Fortunately, a number of planning strategies can mitigate the impact of Section 382 and preserve some or all of the value of your NOLs. The easiest thing to do is to never cross the 50% investment threshold until each three-year testing period is over. The NOLs are then completely available to the company without limitation. This method to retain the value of NOLs requires close scrutiny to any new equity issuances.

Another way to avoid the Section 382 change of control limitations is to have the change of control occur in the context of a Chapter 11 bankruptcy. The IRS has ruled that when a company emerges from Chapter 11 with a more than 50% change in ownership but 50% of those new owners are former shareholders or creditors who took shares as partial settlement of their claims (and have held their debts for over 18 months prior to the bankruptcy), the company does not lose its NOLs.

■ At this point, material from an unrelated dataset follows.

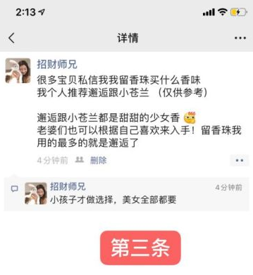 当然针对不同的客户人群促单的话也可以适当改改,如果我的朋友圈宝妈居多,我可能会改成“我老公说还是小苍兰的最好闻,还让我多屯几瓶

Finally, if the cash hasn't run out when the company decides to stop its development activities, it is sometimes possible to use the NOL in a strategic way by selling all the assets and using the remaining cash to buy profitable income streams in the same line of business (i.e., life sciences). This is effectively an arbitrage strategy in which an acquisition is made at a taxable discount rate, but application of the NOLs makes the acquisition's income non-taxable. This technique has been used in the life sciences context by loss companies that acquired with leverage pharma royalty streams at a taxable discount rate but subject to the NOL shelter. At a 40% state and federal tax rate, this adds 40% unleveraged cash flow and significantly greater returns on a leveraged basis.

State NOL rules may offer other opportunities as well. New Jersey, in particular, has favorable NOL rules that give life science companies more flexibility in handling their losses. In New Jersey, life science companies with NOLs are allowed to sell their NOL claims to profitable companies as tax shields. This rule has freed millions in NOL assets that might otherwise have been lost and created thousands of new jobs. Of course, the New Jersey rules do not carry over to allow these losses to be used without the two limitations described above under the Federal tax rules, and they are only for use in New Jersey.

Look out for the possibility of IRC changes in the future too. The success of this rule in New Jersey as a way to generate new jobs has led some industry observers to suggest that it might work on the national level as well. They argue that a simple rule change could generate billions in new biotech investment, greatly expanding the money now available for life science research and development.